А он молчит, мой маленький сосед по планете. Молчит, продолжая задавать вопрос за вопросом…
Маки
Рассказ
У нее никого не было — ни мужа, ни детей. Стариков похоронила и жила одна в родительском доме, стареньком, но еще крепком. Своя жизнь не сложилась. Говорили, увела когда-то лучшая подруга парня, и она по-вдовьи наглухо повязалась платком. Ходила быстрая, ловкая, смотрела строго. Никто не слышал, как она смеется, никто не видел, как она плачет. В праздники не пела, не плясала, только тихо усмехалась, вспоминая что-то свое. В горе молча, без слез стояла рядом со всеми, лишь руки висели виновато и устало.
«Марфа каменная», — сказал однажды кто-то о ней и будто накрепко пришил суровой ниткой: «каменная».
Вышло так, что всю войну Марфа была при почте. Где пешком, где на попутной машине добиралась она до райцентра и привозила редкие, тревожные письма. Соседка, тетка Агафья, отдала ей велосипед, единственный в деревне:
— Только смотри, Марфа, вози письма чаще.

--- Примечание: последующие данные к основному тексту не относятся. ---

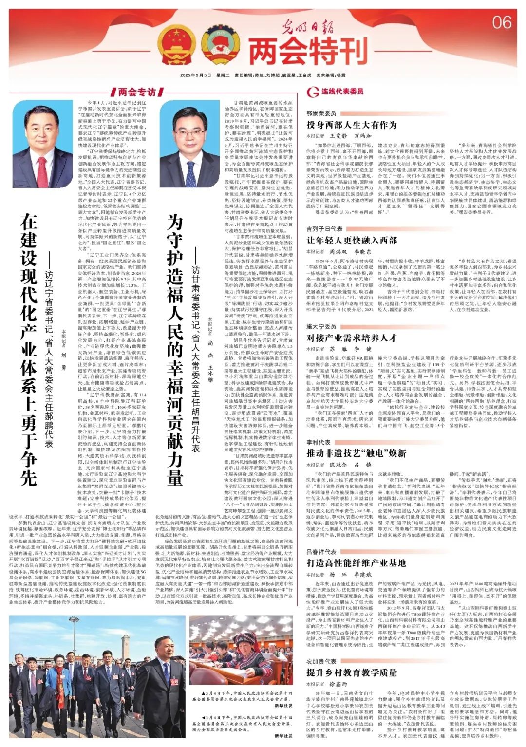 “辽宁工业门类齐全、体系完备,拥有一批关系国民经济命脉和国家安全的战略性产业。我们坚持实体经济为本、制造业当家,2024年第二产业增加值增长5.3%,其中高技术制造业增加值增长11.3%。工业机器人、航空装备、工业母机、绿色石化4个集群获评国家先进制造业集群,一批更具‘含绿量’‘含新量’的‘国之重器’在辽宁诞生。”郝鹏代表表示,下一步,辽宁将持续在巩固存量、拓展增量、延伸产业链、提高附加值上下功夫,改造提升传统产业,坚持高端化、智能化、绿色化发展方向,打好产业基础高级化、产业链现代化攻坚战;做强做大新兴产业,培育绿色低碳供应链,加快发展清洁能源、海洋经济,让更多新苗成大树、连片成森林;超前布局未来产业,实施专项培育行动,在前沿新材料、深海深地空天、生命健康等领域抢占制高点,让星星之火成燎原之势。
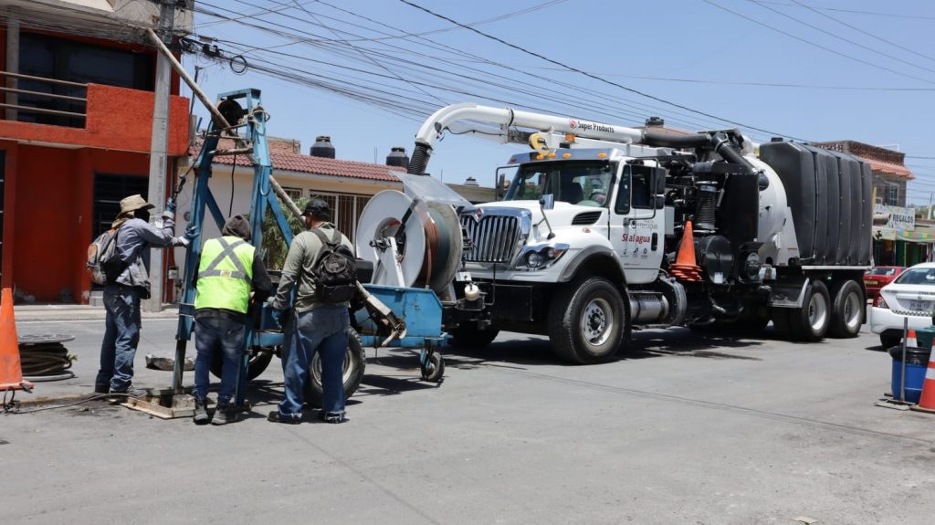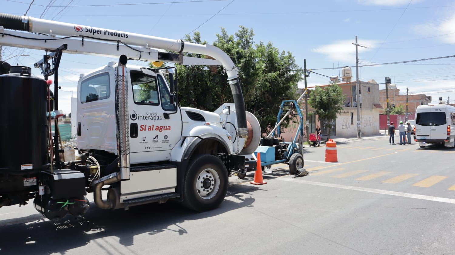 SLP.- Para evitar problemas de inundaciones en demarcaciones antiguas y propensas a la generación de lodos, el Nuevo Interapas realiza limpieza preventiva mediante el uso de una tecnología económica pero eficiente, conocida como “malacates”.
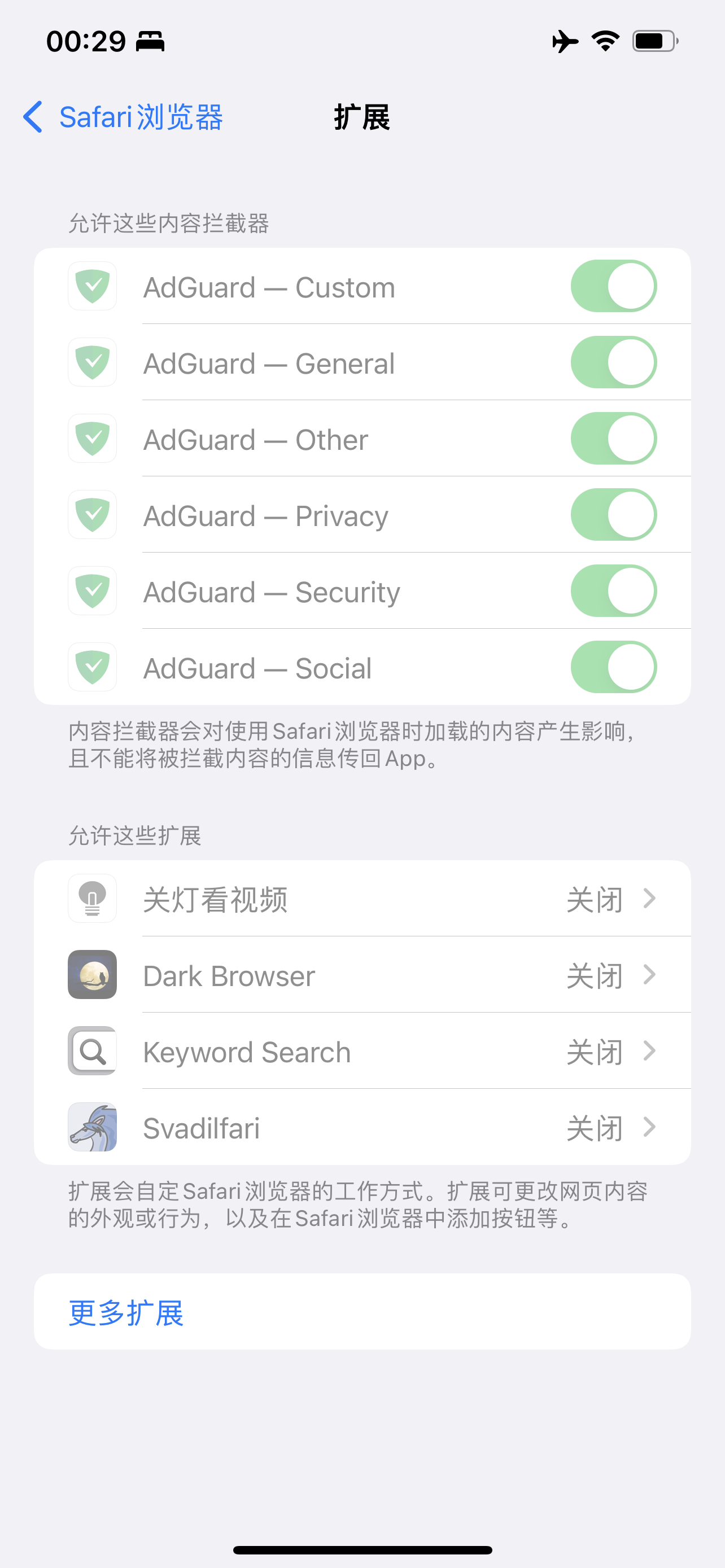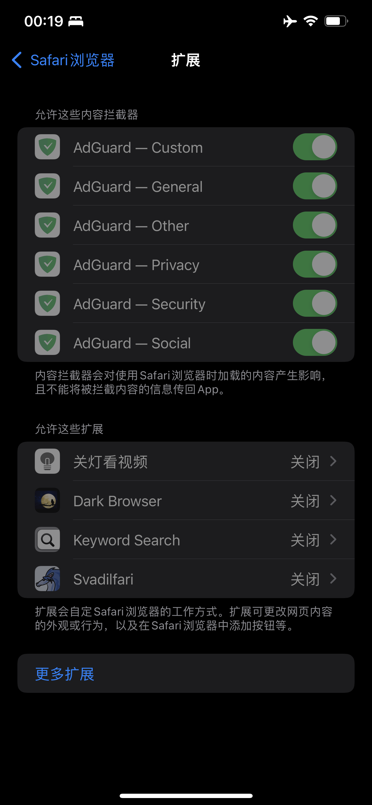 iPhone12PM更新ios15后设置-Safari浏览器-扩展内“内容拦截器”与“扩展”均为灰色,无法修改,“扩展”无法开启。

Но письма тетке Агафье давно шли от одного лишь младшего сына. На двух других Марфа привезла похоронки уже два года назад.
Раздав свою ношу, Марфа забегала домой перекусить и поставить велосипед и сразу шла на ферму.
Нет-нет да и проходила она мимо своих ворот, забывая про обед. Значит, еще одна смерть вошла в деревню, — и стар, и млад знали это.
Майский день струился синевой. Жирный чернозем соскальзывал с лопат и лениво рассыпался. Колхоз сажал картошку.
— Может, выкопать мужики приедут, а, бабоньки?
— Хоть бы уж поесть приехали, а выкопать и сами как-нибудь…
— Да-а… К кому-то, может, и приедут… — две снохи тетки Агафьи, две вдовы, почистили попеременно лопатой лопату и угрюмо замолчали. Вдруг одна испуганно прошептала:
— Марфа на колесах!
Велосипед вилял и прыгал по кочкам. Марфа что-то кричала, юбка черным крылом билась над педалями.
— Господи пронеси… — Тетка Агафья беспомощно сползла с черенка лопаты на землю. — Как увижу ее, так ноги отымаются…
— Да нет, с худой вестью она спотыкается, а тут гляньте… Как бы шею не сломала.
— Ее уже ветром несет. Дошла с этой работой — кожа да кости.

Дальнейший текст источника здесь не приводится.